What I am confused is that if $n\in S$ then $\displaystyle \delta(n):=\left|\dfrac{\nu(n)-\log_2 n}{\sqrt{\log_2 (n)}}\right|\le \max(|\alpha|,|\beta|)$ and if we choose $|\alpha|,|\beta|\le \sqrt x$ then the statement I want follows for $n\in S$, but what about $n\not\in S, n\le x$? I confuse about the phrase "normally distributed". What does it mean exactly in this sense?
As I guess, if we choose $\alpha,\beta$ that $\beta-\alpha$ is wide enough then $\delta(n)$ that satisfies the condition in $S$ would be wide enough, too.
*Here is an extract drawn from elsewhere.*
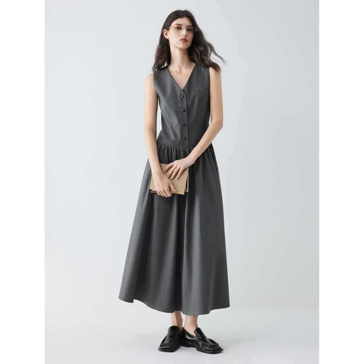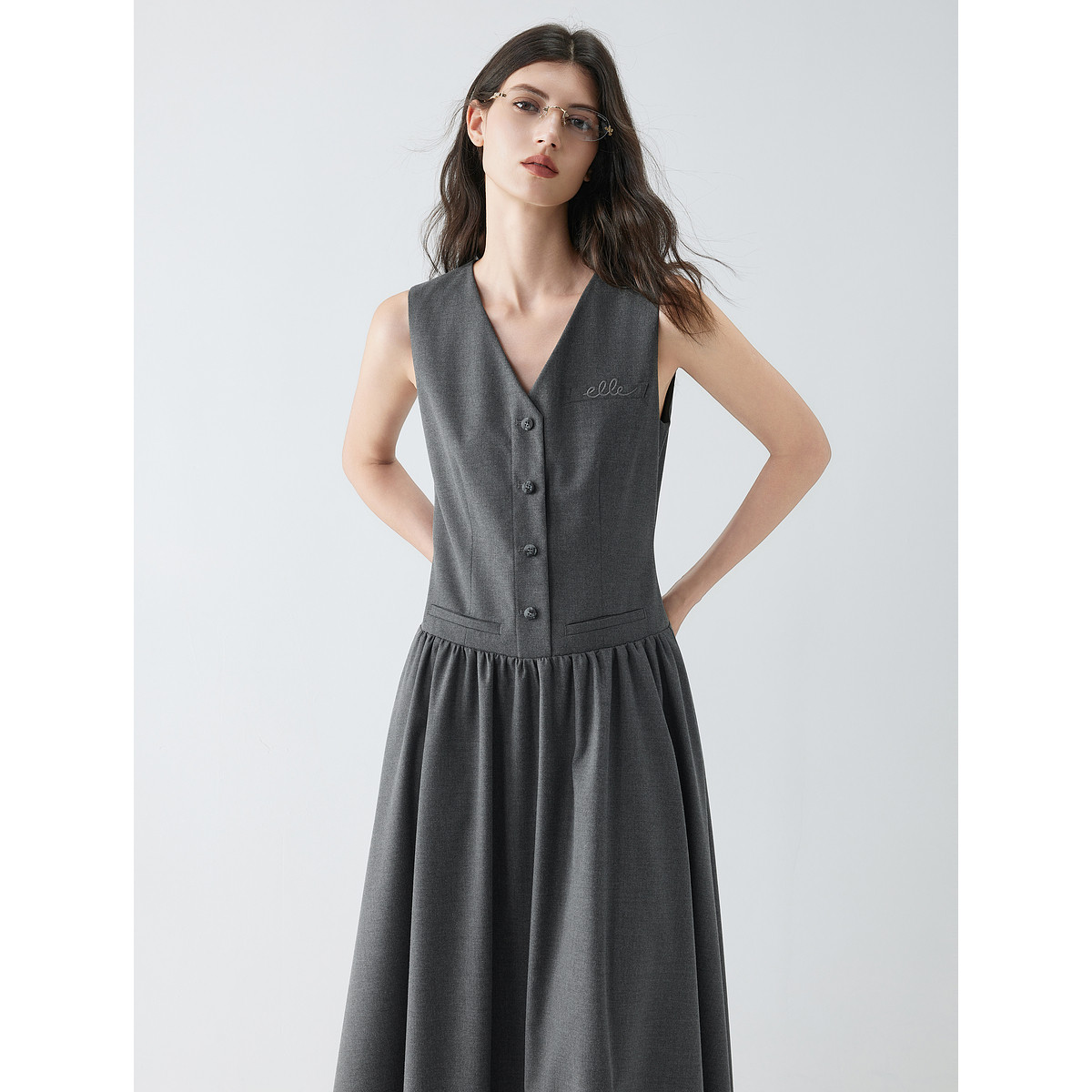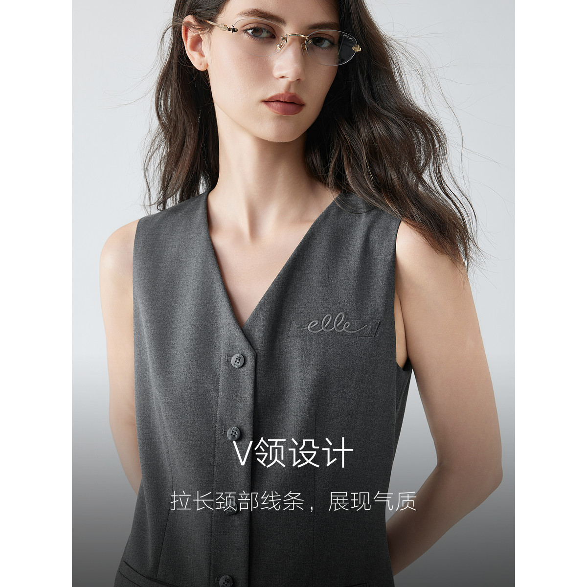 【商场同款】ELLE法式高级感马甲连衣裙女2025秋新款小众气质长裙

Therefore, the number of terms left from the distribution (the term on the left and right part of normal distribution) would be small.
How can I add the left terms that I mentioned to cover all $n\le x$?
I proved it by using the method that resembled Turan that \begin{equation} \begin{split} \sum_{1<n\le x}\nu(n) & =x\log_2x+O(x) \\ \sum_{n\le x} \nu(n)^2&= x(\log_2x)^2+O(x\log_2x) \end{split} \end{equation} and by partial summation \begin{equation} \begin{split} \sum_{1<n\le x}(\log_2 n)^2 & =\sum_{1<n\le x}1\cdot(\log_2n)^2 = (\left[\,x\right]-1)\log^2_2x-\int_2^x (\left[\,t\right]-1)\cdot 2\log_2 t\cdot\left(\dfrac{1}{t\log t}\right) dt\\ &= x(\log_2 x)^2+O(\log^2_2 x)+O(x\log_2 x)= x(\log_2 x)^2+O(x\log_2 x)\\ \sum_{1<n\le x} \nu(n)\log_2 n & = \sum_{n\le x} \nu(n)\cdot \log_2 n=\Big(x\log_2 x+O(x)\Big)(\log_2 x)-\int_2^x (t\log_2 t+O(t))\left(\dfrac{1}{t\log t}\right) dt \\ & = x(\log_2 x)^2+O(x\log_2 x) \end{split} \end{equation}
Hence, we obtain \begin{equation} \begin{split} \sum_{1<n\le x}(\nu(n)-\log_2 n)^2 & = \sum \nu(n)^2-2\sum\nu(n)\log_2n+\sum(\log_2 n)^2 = O(x\log_2 x) \end{split} \end{equation} as desired. Therefore, almost all numbers $n$ have $\log_2 n$ numbers of prime factors as Hardy and Ramanujan stated (I find their theorem indeed elegant).